Il Guerriero Sfregiato. Brenda TrimЧитать онлайн книгу.
Durante i mesi precedenti i demoni avevano affinato la sete di Shae per renderla un’arma di violenza e morte. Odiava la propria mancanza di controllo; le sfuggiva di mano proprio quando credeva di aver avuto la meglio su di essa.
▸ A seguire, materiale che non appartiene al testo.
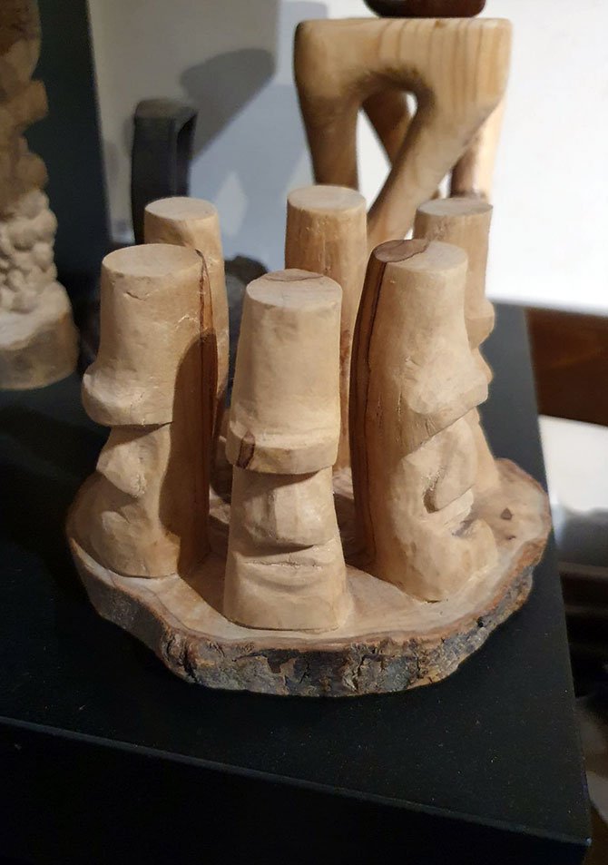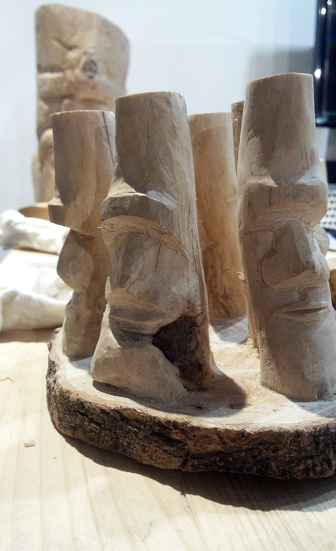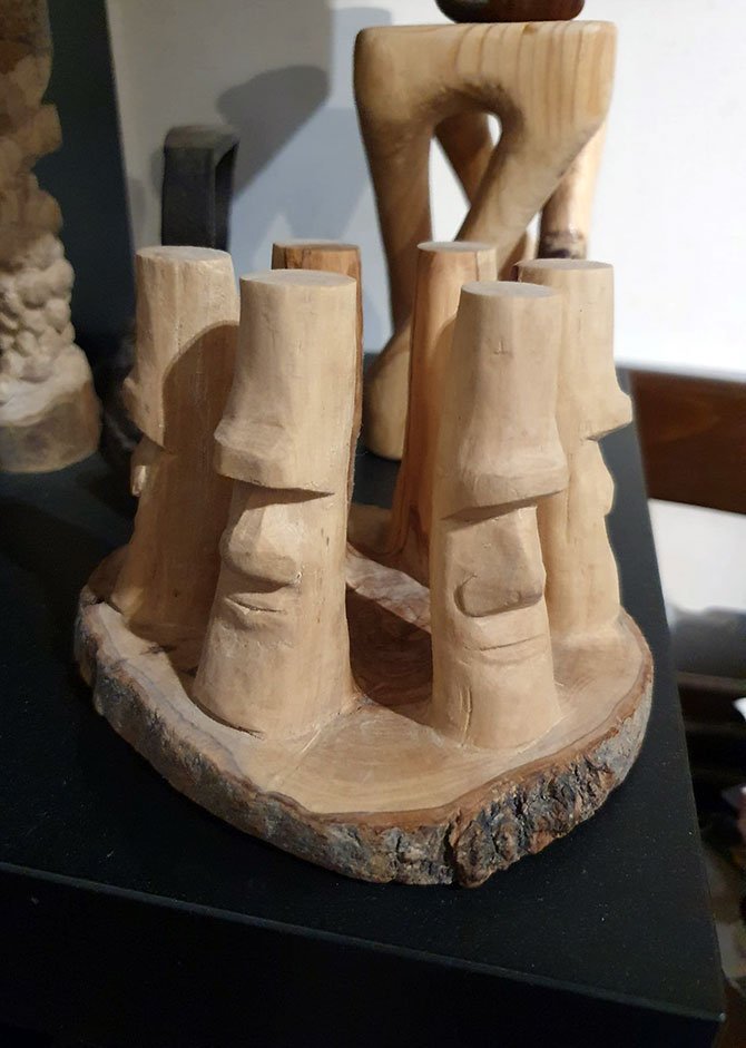 Hand-carved olive tree trunk.

Si ritrovò a fissare il cibo tra le mani di Gerrick, godendosi il delizioso aroma che emanava, ma la sua attenzione si spostò in fretta verso la vena del collo di lui. Doveva avere il suo sangue. Nulla aveva importanza in confronto al bere il suo sangue fino all’ultima goccia.
“Tutto ok, Rossa?” La sua voce roca la distrasse dall’istinto omicida che le aveva annebbiato la mente. Se avesse fatto del male a quell’uomo avrebbe distrutto tutto ciò che restava di buono nel proprio cuore e nell’anima.
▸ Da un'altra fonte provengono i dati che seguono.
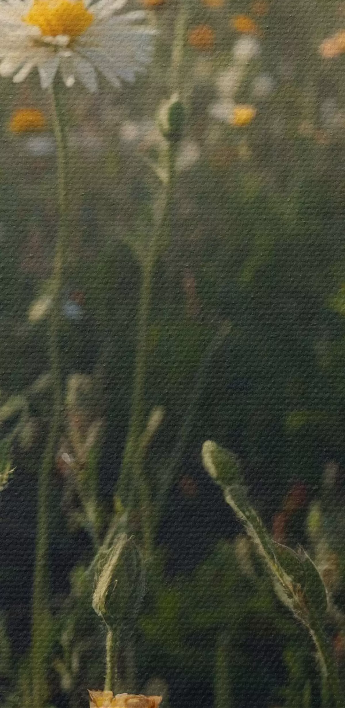 Țesătura fină a firelor de pe această pânză seamănă cu suprafața pânzelor artiștilor profesioniști.

“No. È come se dentro di me ci fosse qualcosa che vuole solo uccidere. Lo odio” ammise portandosi la testa tra le mani. Non aveva avuto intenzione di dire la verità, ma le erano sfuggite le parole di bocca e non aveva la minima intenzione di rimangiarsele, adesso che lui ne era a conoscenza. Voleva che quell’uomo sapesse tutto di sé, sia le cose belle che quelle brutte.
“Quindi ti arrendi? Hai intenzione di lasciarli vincere?” Inclinò il capo di lato e la guardò attraverso le sbarre.
Gli occhi di ghiaccio di lui inizialmente sembravano freddi e distanti, ma Shae fu in grado di individuarvi il calore e la voglia di vivere. “Dev’essere bello giudicarmi dall’esterno di questa cella. Non hai idea di che cos’ho passato e di quanto abbia combattuto” sbottò.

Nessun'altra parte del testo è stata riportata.